## WORK INSTRUCTION
Return all entries precisely as they stand, without the images.

Stored items from a collection:
■ ■ ■ ■ ■
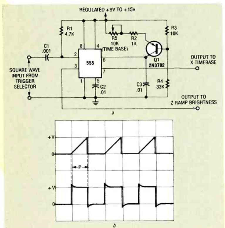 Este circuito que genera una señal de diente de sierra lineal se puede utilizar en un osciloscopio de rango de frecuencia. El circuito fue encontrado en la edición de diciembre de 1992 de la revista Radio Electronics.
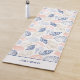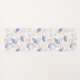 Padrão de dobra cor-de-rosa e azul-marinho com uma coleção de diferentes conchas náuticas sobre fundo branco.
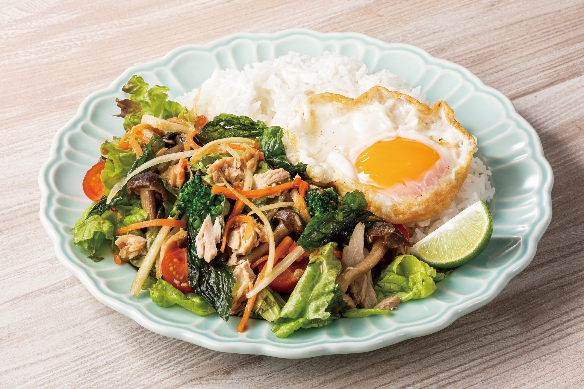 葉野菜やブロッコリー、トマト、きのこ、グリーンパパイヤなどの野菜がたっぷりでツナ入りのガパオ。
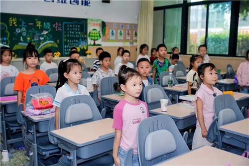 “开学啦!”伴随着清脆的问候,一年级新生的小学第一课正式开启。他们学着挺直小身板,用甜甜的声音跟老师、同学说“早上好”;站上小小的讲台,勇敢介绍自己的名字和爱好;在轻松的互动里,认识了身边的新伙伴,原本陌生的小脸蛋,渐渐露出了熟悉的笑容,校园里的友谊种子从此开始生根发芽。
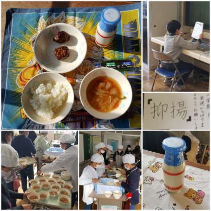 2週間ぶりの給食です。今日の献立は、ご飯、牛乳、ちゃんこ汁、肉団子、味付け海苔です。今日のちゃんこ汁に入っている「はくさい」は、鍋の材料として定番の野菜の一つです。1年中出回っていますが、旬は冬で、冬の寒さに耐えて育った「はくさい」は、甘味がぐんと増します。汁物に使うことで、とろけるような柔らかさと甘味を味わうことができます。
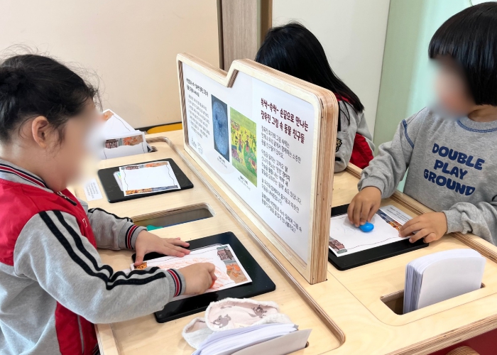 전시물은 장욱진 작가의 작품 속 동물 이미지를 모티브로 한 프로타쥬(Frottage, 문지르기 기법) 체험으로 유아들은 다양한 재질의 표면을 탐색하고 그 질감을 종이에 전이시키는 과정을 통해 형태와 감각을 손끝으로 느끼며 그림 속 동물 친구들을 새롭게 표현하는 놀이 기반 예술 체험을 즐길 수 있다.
■ ■ ■ ■ ■
## TASK SOLUTION
 Este circuito que genera una señal de diente de sierra lineal se puede utilizar en un osciloscopio de rango de frecuencia. El circuito fue encontrado en la edición de diciembre de 1992 de la revista Radio Electronics.
 Padrão de dobra cor-de-rosa e azul-marinho com uma coleção de diferentes conchas náuticas sobre fundo branco.
 葉野菜やブロッコリー、トマト、きのこ、グリーンパパイヤなどの野菜がたっぷりでツナ入りのガパオ。
 “开学啦!”伴随着清脆的问候,一年级新生的小学第一课正式开启。他们学着挺直小身板,用甜甜的声音跟老师、同学说“早上好”;站上小小的讲台,勇敢介绍自己的名字和爱好;在轻松的互动里,认识了身边的新伙伴,原本陌生的小脸蛋,渐渐露出了熟悉的笑容,校园里的友谊种子从此开始生根发芽。
 2週間ぶりの給食です。今日の献立は、ご飯、牛乳、ちゃんこ汁、肉団子、味付け海苔です。今日のちゃんこ汁に入っている「はくさい」は、鍋の材料として定番の野菜の一つです。1年中出回っていますが、旬は冬で、冬の寒さに耐えて育った「はくさい」は、甘味がぐんと増します。汁物に使うことで、とろけるような柔らかさと甘味を味わうことができます。
 전시물은 장욱진 작가의 작품 속 동물 이미지를 모티브로 한 프로타쥬(Frottage, 문지르기 기법) 체험으로 유아들은 다양한 재질의 표면을 탐색하고 그 질감을 종이에 전이시키는 과정을 통해 형태와 감각을 손끝으로 느끼며 그림 속 동물 친구들을 새롭게 표현하는 놀이 기반 예술 체험을 즐길 수 있다.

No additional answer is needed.